In 2012 MD Anderson, part of the University of Texas, approved a small investment in developing a proposed clinical advice system: the Oncology Expert Advisor (OEA). Doctor Chin described the ultimate goal of the OEA as being to elevate the standard of cancer care world-wide. The Advisor was not human.
The audit report outlines the background:
- Earlier in 2011, the IBM Watson (Watson) artificial intelligence system received global attention by winning a Jeopardy! exhibition against the game show’s two highest-rated players. Dr. Chin told us her idea was to use Watson technology to improve cancer treatment, and she approached IBM with her idea. The first MD Anderson contract related to development of OEA using Watson technology was signed with IBM in June 2012 — specifically to develop a “pilot solution that will enable MD Anderson to analyse MD Anderson’s data to derive insights into patient outcomes”. The contract states that IBM had been working with health insurer WellPoint, Inc. since September 2011 “to develop and commercialise a Watson-based diagnosis and treatment decision support system for Oncology”.
- The contract also noted that one deliverable of the project would be to “help enable both MD Anderson and IBM to understand how data developed within this type of solution may be incorporated into the WellPoint Watson Oncology Solution”. The contract specified that version 1.0 of MD Anderson’s product would “focus on lower risk” myelodysplastic syndrome (MDS) leukemia patients.
Basically, MD Anderson wanted to build software that could “ingest data from a variety of sources and use IBM Watson artificial intelligence technology to offer care advice and match patients with clinical trials”.
The first stage got rolling after an initial payment of $US2.4 million. Four years later, the project had blown out to more than $US60 million. The research fund was overdrawn by nearly ten million dollars, and the Oncology Expert Advisor developed by IBM was little better than vapourware. It remains unusable.
The University of Texas audit uncovered systemic failures in Anderson’s contracting and procurement practices, its compliance with the University’s approval requirements, the delivery of those requirements by the vendors, and even the way in which the Center sourced the project’s funding.
Amongst serial failures in contracting and procurement, auditors discovered that “only one of the seven OEA-related service agreements was procured through a competitive process” and, of the six awarded with competition, two “were not formally justified and approved”.

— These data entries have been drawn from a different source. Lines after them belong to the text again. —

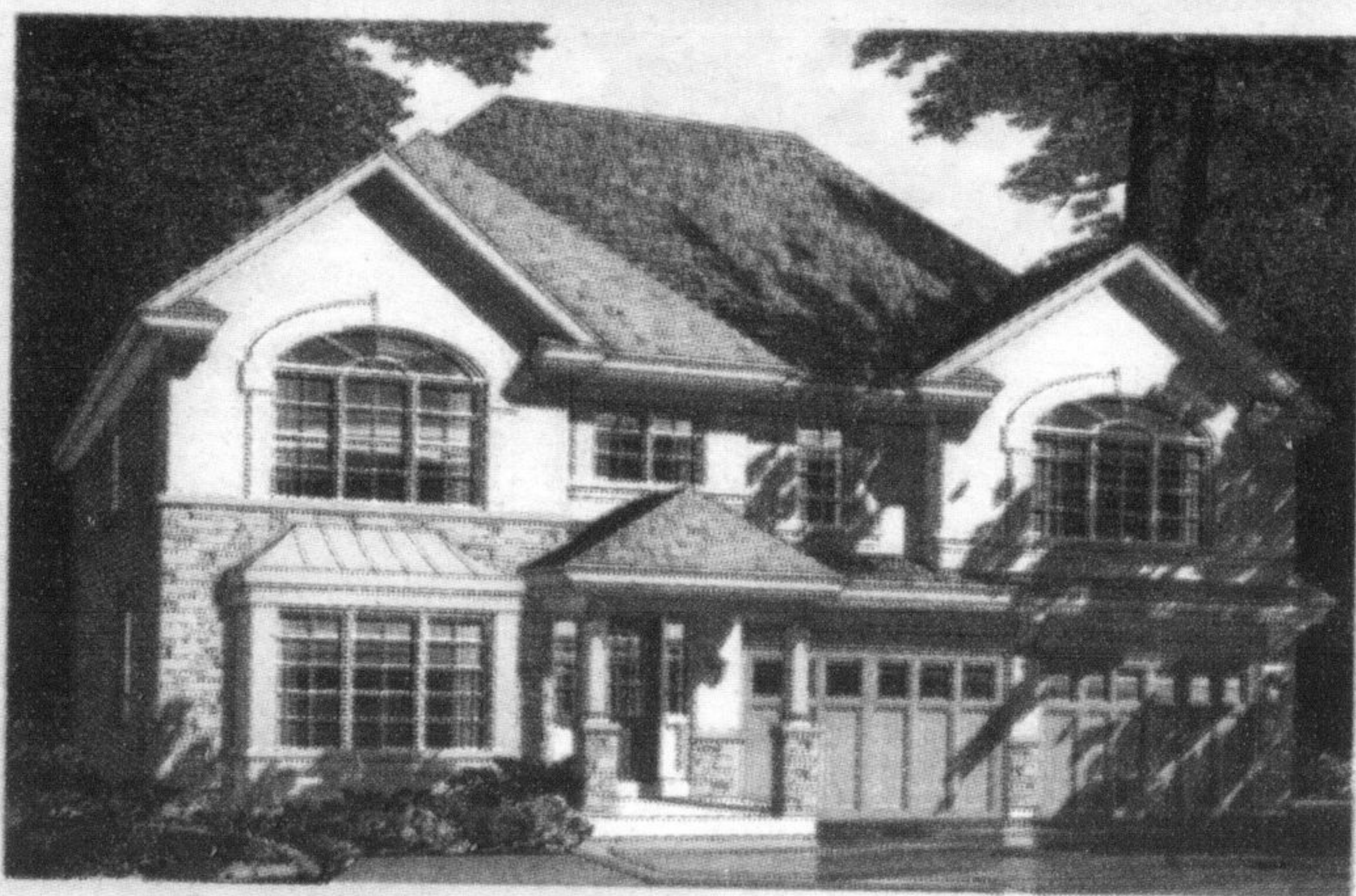
46' WideLot™, The Glenwood 'D', 2,504 Sq.Ft., $391,990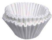
FILTERS, 20x8 252/CS 36/CL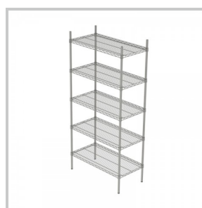
460mm or 610mm D x 915mm W x 1800mm H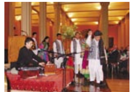
Afghanistan Fundraiser at the Landmark Center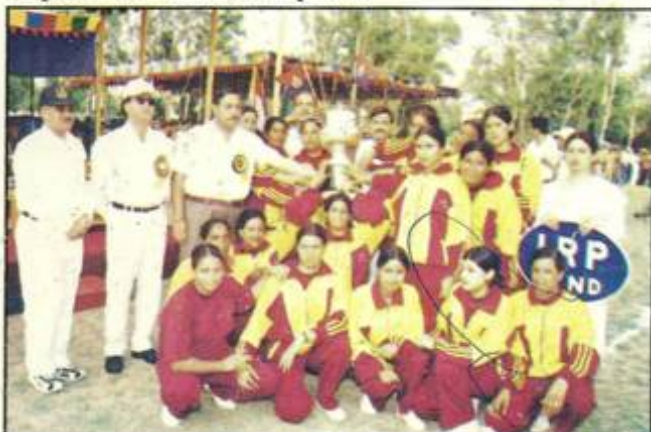
A group photograph of Jubilant Sports women of IRP 2 nd Bn. taken at the concluding function of the meet.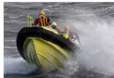
Håkon Kjølmoen .JPG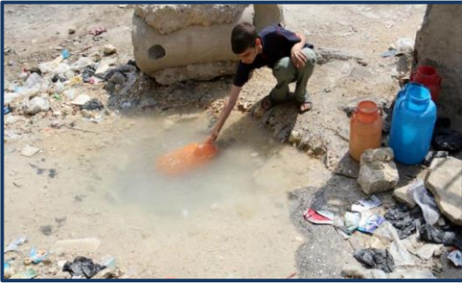
Water used as a weapon of war in Syria

When you think of the ways in which wars and conflicts are fought, water wouldn't immediately come to mind, but in many conflicts, restricting or controlling the access to water can be used as a weapon. There are different ways that water can be used as a weapon, which include: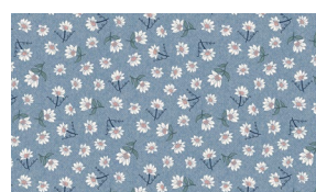
5148-11 Tossed Daisies Blue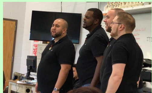
Signature at Martin Middle School Oct 2016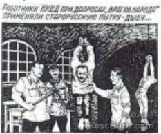
Strappado Was Another Popular Method to Extract Confessions form Enemies of the State in the Gulags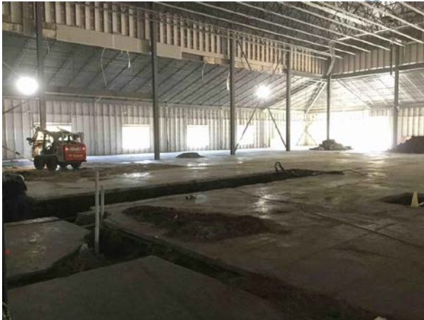
Area C – Slab Trenching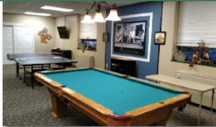
Residents enjoy shooting pool, knocking down pins while bowling with the Wii, or racking up points during a fun game of pinochle or gin rummy with friends.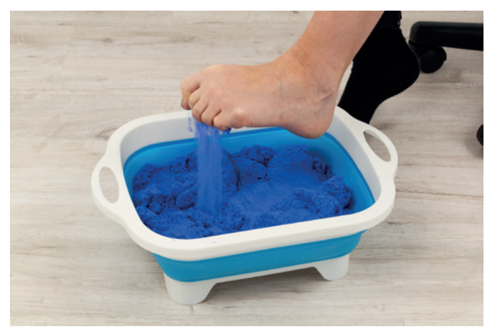
Sand trickling / gripping force with toes 02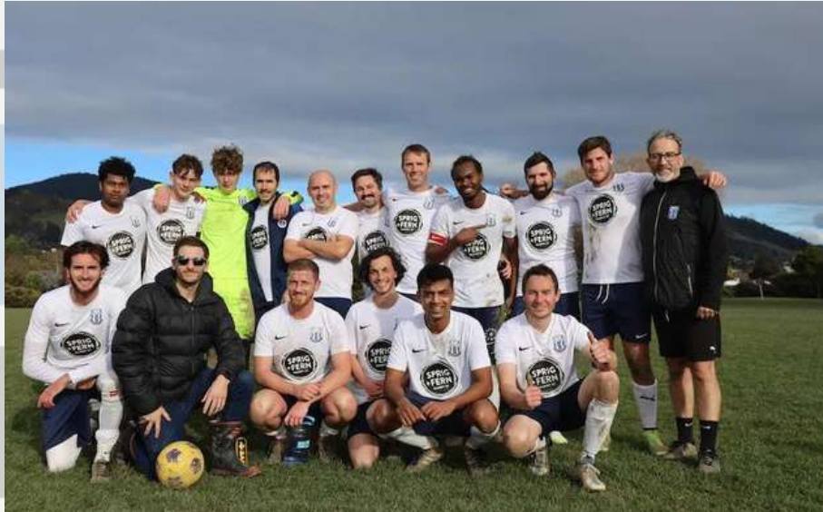
The FC Nelson NMIT team have created a bond that goes deeper than football, with past players still keeping up with the team's antics on and off the field.

Community is at the heart of FC Nelson's NMIT team. Ingrained in everything they do is a sense of brotherhood that transcends the game and welcomes new arrivals into the local community. It's created a lifelong bond between the teammates that has carried on long after they have left, with many more staying around to play.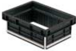
MEGAPRINT® 400x300 Art. F PV 8752 00 07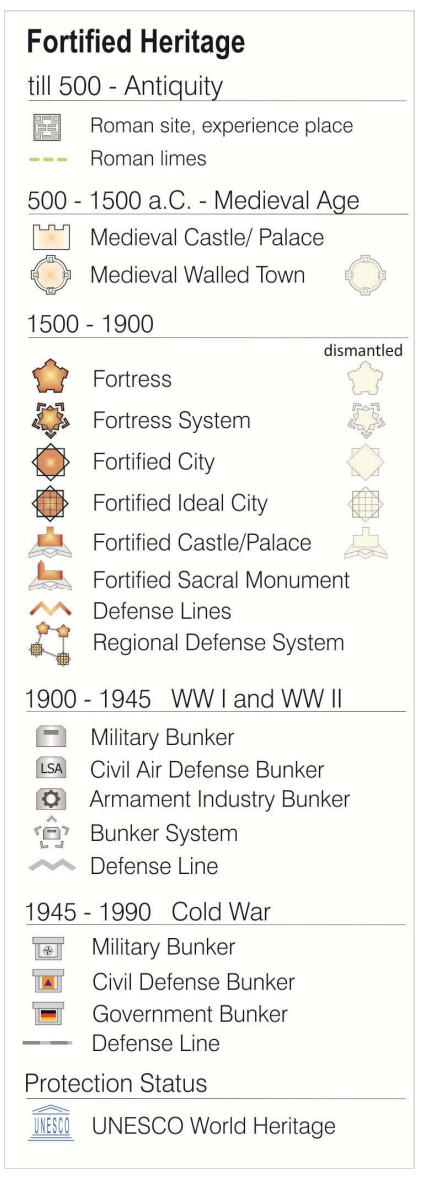
Fig. 1. Categorization of the fortified heritage (ECCOFORT e.V. 2019).

To get important insights into the localization and the diverse fortress types, ECCOFORT developed a map of the Iberian fortification heritage. For the first time the whole historic spectrum of fortified monuments over the important epochs until the Cold War is collected. This is not finished.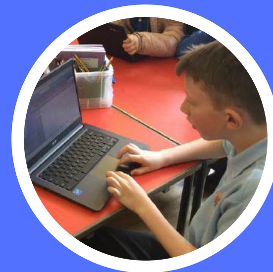
Languages, Literacy and Communication

Our curriculum provides learning which links to the six areas of learning and experience.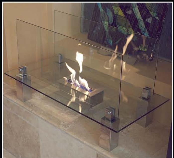
FIERO Freestanding Floor 17.71" h x 31.49" w x 15.74" d Model Number: NF-F3FIO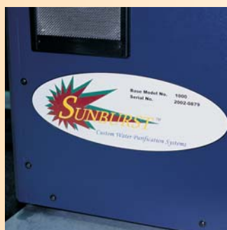
OEM Labels/Rating Plates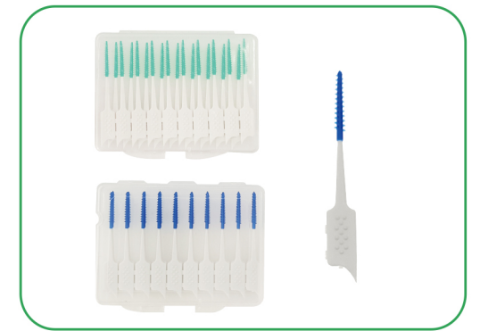
• 81-10016 Interdental brush(silicone,massage) green. blue 20pcs/card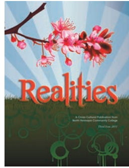
Third Issue 2011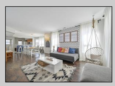
115 Houston Ave Atlantic City, NJ 08401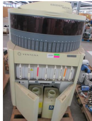
LOT 141 _____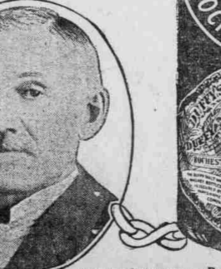
Reduced fac-simile of bottle.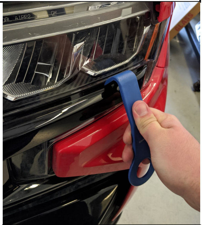
Figure 4: Grille removal.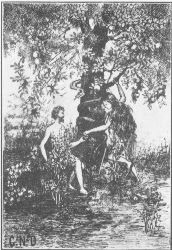
Adam and Eve, our first parents.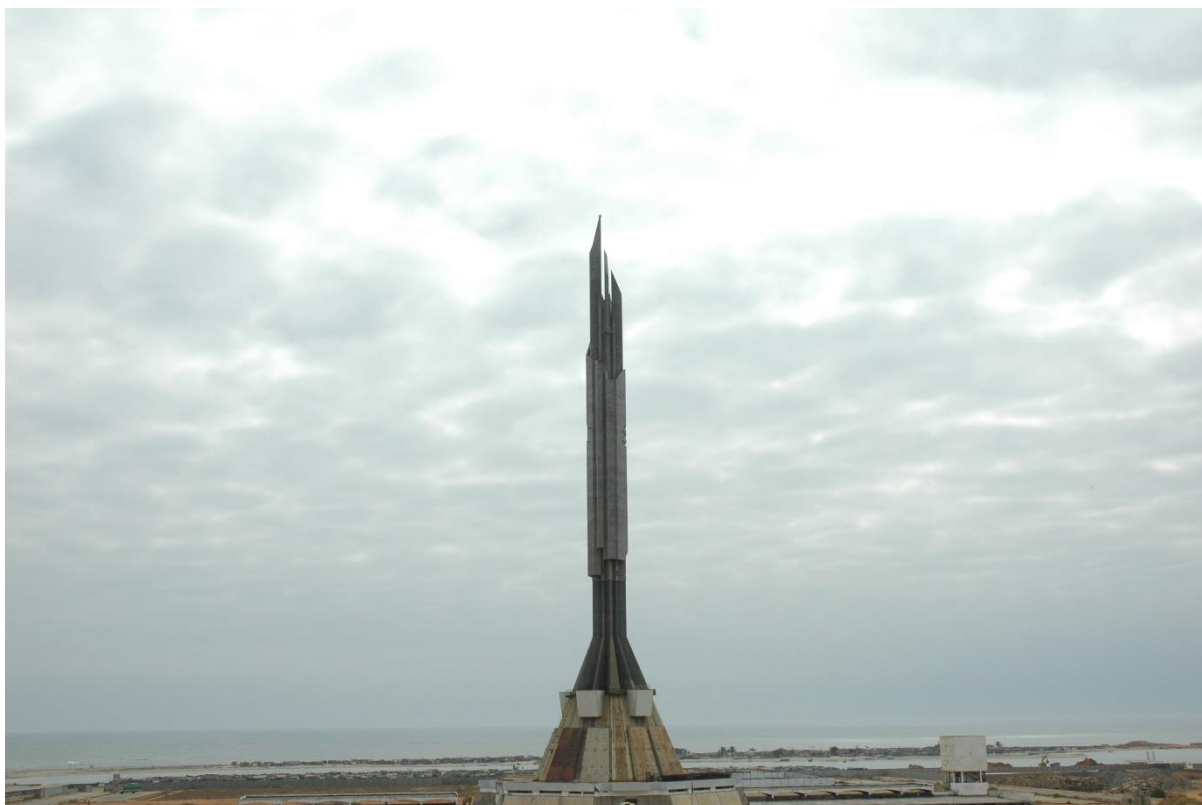
Kiluanji Kia Henda, The Spaceship Icarus 13, Luanda , 2008.

Photograph mounted on acrylic frame, 120 cm x 80 cm. From Icarus 13 , 2008.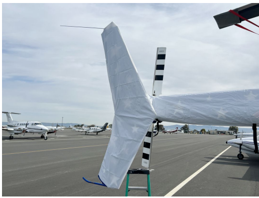
Bell 505 Tailboom & Stabilizer Covers, test fit cover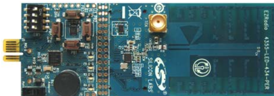
Figure 4. Si4355 RFStick 434 MHz Receiver Board (P/N 4355-LED-434-SRX)

Note: Instead of this board, the 434 MHz development kits may contain the pcb antenna version of this board called the Si4010 key fob development board 434 MHz (P/N 4010-DKPB_434).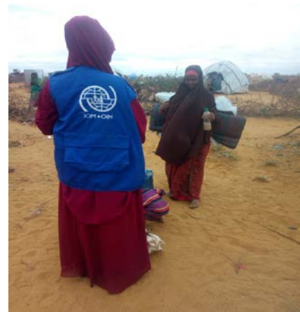
Figure 1: MTT enumerator interviewing new arrivals at IDP comp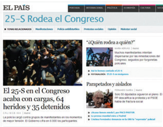
Figure 2 Front page the section created to cover the events of “25S” on the website of the newspaper El País .

In the case about to be described, there are many manifestations of this movement. On September 25, 2012, thousands of people took to the streets of Madrid, in Spain, during the “25S”, a protest organized by the Indignados , one of the groups that adhered to movements around the world, supporting the demands of the minorities, better wealth distribution, and alternate models of social organization, especially in Europe and in the United States 4 ; their main claim is real – or direct – democracy. This time they were also calling for a new constituent assembly; they occupied a square in front of the Spanish Congress.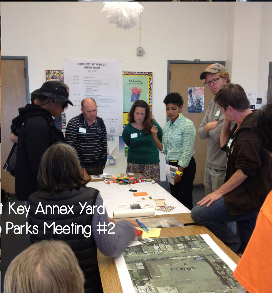
FRANCIS SCOTT KEY ANNEX SITE MEETING AGENDA 10/15/2015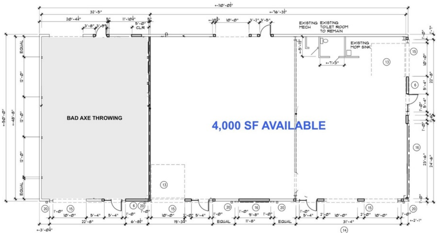
A NEW WORK FLOOR PLAN A2 SCALE: 1/8" = 1'-0"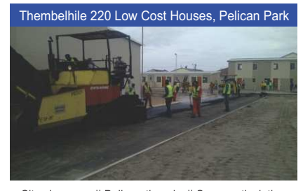
Site clearance || Bulk earthworks || Sewer reticulation Water reticulation || Storm water infrastructure || Storm water dams House platforms || Roads || Parking

Client: DA'REALTY Year Completed: 2019 Value: R 3 500 000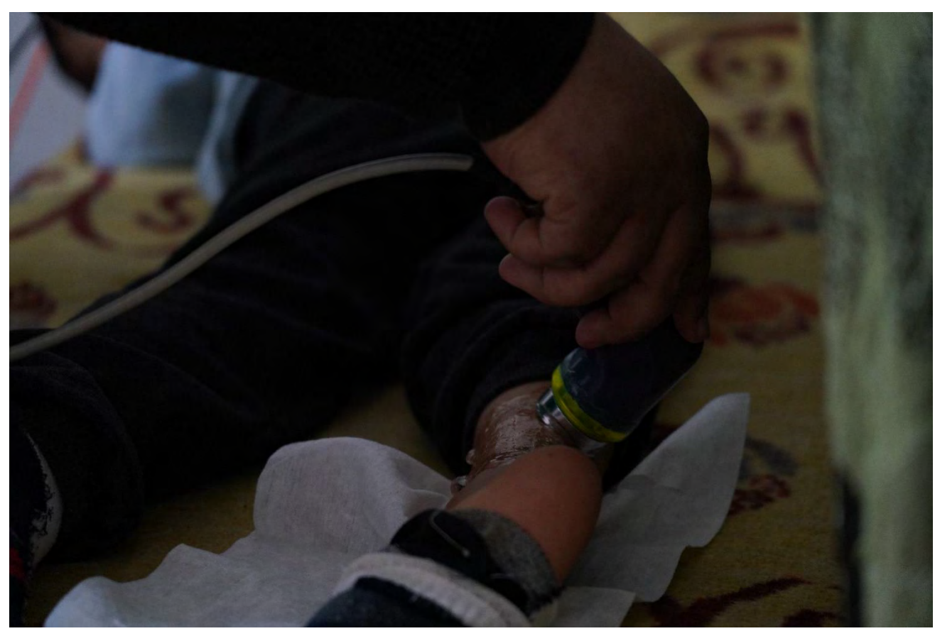
WHO-supported rehabilitation session for a child in Northwest Syria.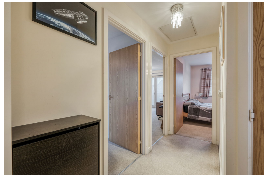
Hollington House, Dixon Close, Redditch

A beautifully presented two-bedroom apartment located on the third floor of a modern apartment block, ideally positioned in Enfield, within close proximity to the town centre and railway station. The property benefits from allocated and visitor parking, as well as well-maintained communal areas.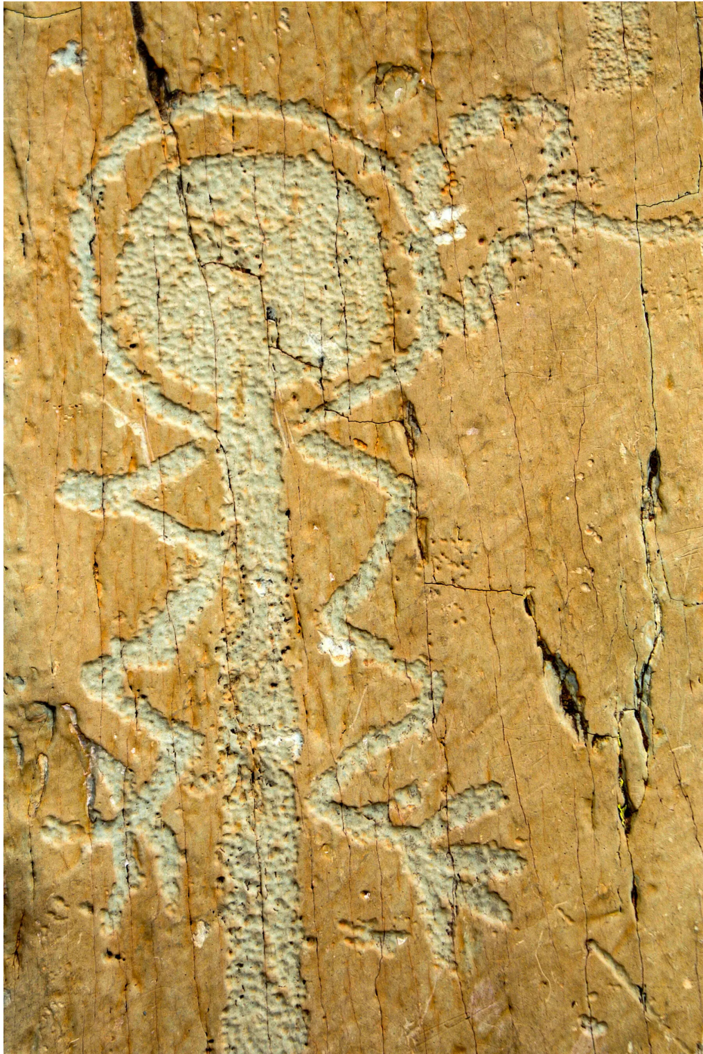
Petroglyphs at Mount Bégo, Valley of Marvels, in southern France.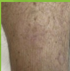
30 DAYS AFTER FINAL TREATMENT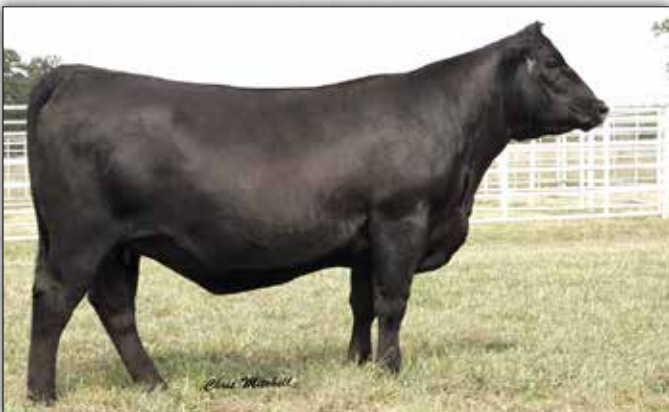
Deer Valley Rita 2164

The $65,000 one-half interest maternal granddam of Lot 17.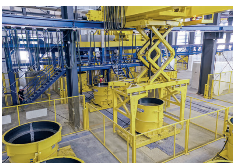
Continuous processing of SCC constitutes a vital basis for efficient operation of an industrial wet cast production plant.

To reduce the working hours required to manufacture and install negative channels in the casting moulds, the entire plant concept is designed for maximum throughput. All the necessary work steps are carried out in predefined places using suitable tools. Even activities such as cleaning or lubrication of moulds, or setting up the reinforcement in the moulds are taken into account in the overall concept as predefined work steps. To accommodate mould set-up, which can vary in complexity depending on the product to be manufactured, to continuous wet cast production, the Ameritex Pipe & Products plant was equipped with severalset-up locations. There, staff can carry out all the necessary work steps outside of the safety area of the automated plant and return the set-up moulds to automatic operation at the push of a button.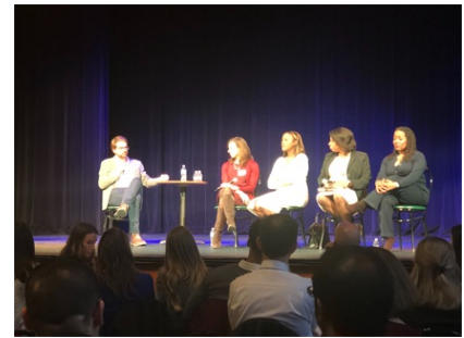
Attending IndyHub's Shape Our City Summit, bringing the topics of recycling and the circular economy to the discussion of how Indiana & Indianapolis can attract & retain young professionals.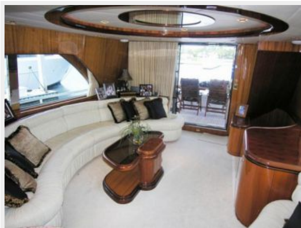
Main Salon Aft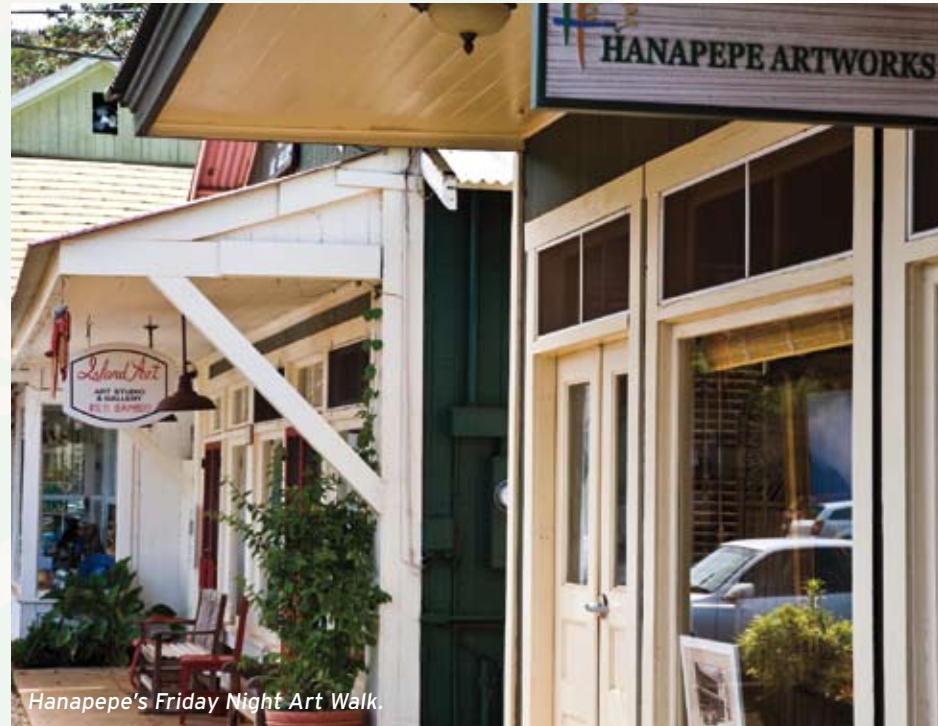
Hanapepe's Friday Night Art Walk.

MD Anderson staff, when questioned about the rather lax process for awarding multimillion-dollar contracts, said they recalled “understanding” that IBM would be engaged on the basis of the proprietary nature of Watson technology and its exclusive use by the Center. That understanding doesn’t seem to have been shared by their technology partner.
Dr Chin told auditors that because the OEA project was high risk and transformative, it wasn’t suitable for routine funding. And, being funded directly by donors, it wasn’t suitable for management under the University’s compulsory IT governance processes. These processes, the auditors, reported, would have prevented the project’s management failure, and possibly even its overall failure. They did not agree with Chin that it was “not an IT project”.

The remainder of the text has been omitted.